Berg et al. show that the novel cycle is operative in Metallosphaera growing on H2 and O2 as the energy source. The genes for this cycle are also present in other archaea. All these organisms are either microaerophiles or, as in the case of Archaeoglobus, strict anaerobes. The cycle involves 4-hydroxybutyryl-CoA dehydratase, a radical enzyme sensitive to oxygen (8).

Why do different autotrophs use different pathways of CO2 fixation? According to one hypothesis, the first organisms on Earth were strict anaerobes and autotrophs that used a reductive acetyl-CoA pathway very similar to that found today in some strictly anaerobic archaea and bacteria (9, 10). After the emergence of oxygenic photosynthesis, the atmospheric oxygen concentration increased slowly and the reductive acetyl-CoA pathway could no longer operate in most organisms due to the extreme oxygen sensitivity of one of its key enzymes. Autotrophy thus had to be reinvented after the major phyla had already evolved, leading to different pathways of autotrophic CO2 fixation in different organisms dependent on their genetic outfit and living conditions.

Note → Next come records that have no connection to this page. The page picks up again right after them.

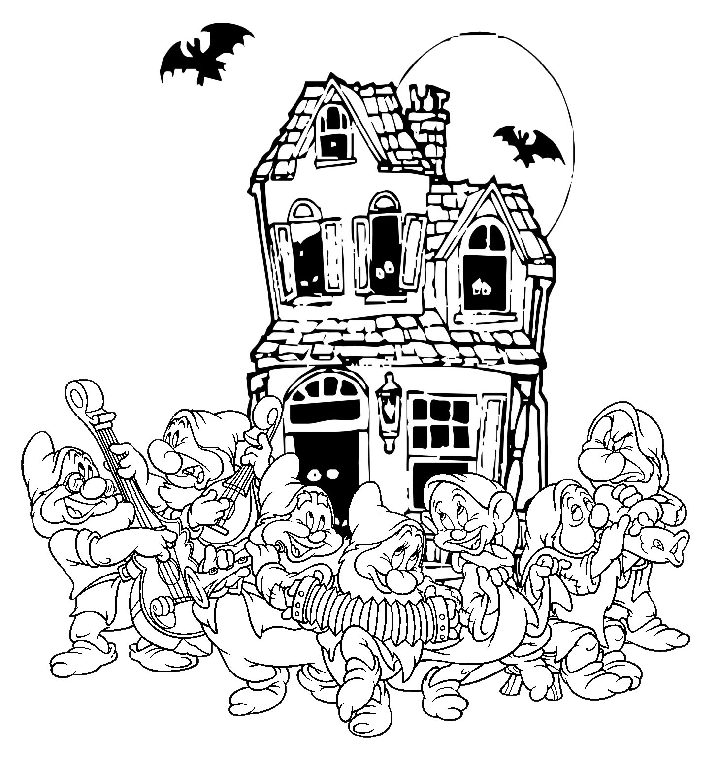 Descriere: Coloreaza piticii din Alba ca Zapada care colinda de Halloween.
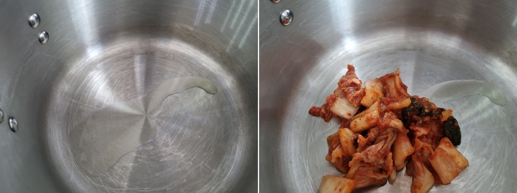 식용유를 김치가 볶일 정도의 양을 냄비에 두르고 김치와 다진 마늘을 넣고 볶아주기 시작합니다.
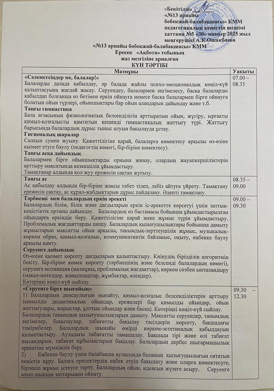Ересек "Ақбота" тобының жаз мезгіліне арналған кун тәртібі
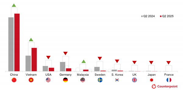 第2四半期に市場シェアが63%に拡大した中国系OEMは、現地生産、EVラインナップの拡充、競争力のある価格戦略を通じて急速に適応し、東南アジア全域でその地位を拡大しました。これは、市場エコシステムが中国のEV戦略をますます支持していることを如実に示しています。ベトナムのVinFastもシェアを伸ばし、国家の産業政策と生産能力の増強が市場の成長に繋がっていることを浮き彫りにしました。マレーシアもシェアを伸ばしました。
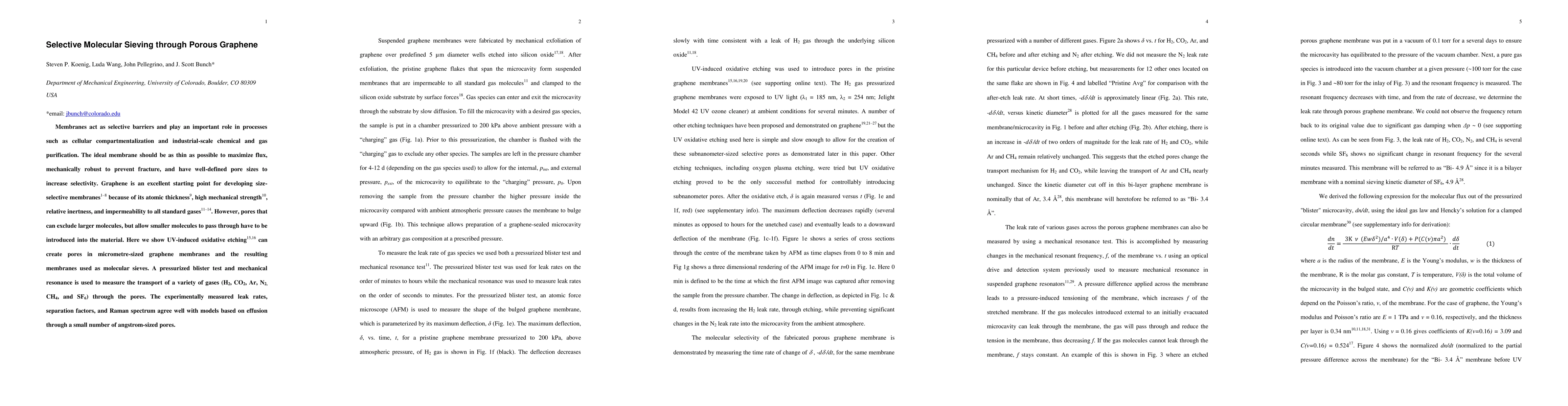 This paper demonstrates that UV-induced oxidative etching can create micrometre-sized pores in graphene membranes, enabling selective molecular sieving. Experimental results show effective separation of various gases through these pores, aligning well with theoretical models of effusion.

Lateral gene transfer helped to spread the new inventions. Some were lost again. The reductive citric acid cycle and the 3-hydroxypropionate/4-hydroxybutyrate cycle could only survive in organisms that live under anaerobic or microaerophilic conditions due to the inherent oxygen sensitivity of the enzymes involved. Only the Calvin cycle made it into the aerobic world of plants, one reason being that it does not use enzymes that are inactivated by O2 or by light.

References

  1. I. A. Berg et al., Science 318, 1782 (2007).
  2. M. Calvin, Nature 192, 799 (1961).
  3. RuBisCO stands for ribulose-1,5-bisphosphate carboxylase-oxygenase.
  4. M. C. W. Evans, B. B. Buchanan, D. I. Arnon, Proc. Natl. Acad. Sci. U.S.A. 55, 928 (1966).
  5. B. B. Buchanan, D. I. Arnon, Photosynth. Res. 24, 47 (1990).
  6. S. W. Ragsdale, Crit. Rev. Biochem. Mol. Biol. 26, 261 (1991).
  7. S. Herter et al., J. Biol. Chem. 277, 20277 (2002).
  8. B. M. Martin et al., Proc. Natl. Acad. Sci. U.S.A. 44, 15645 (2004).
  9. G. Wächtershäuser, Chem. Biodivers. 4, 584 (2007).
  10. W. Martin, M. J. Russel, Philos. Trans. R. Soc. B 362, 1887 (2007).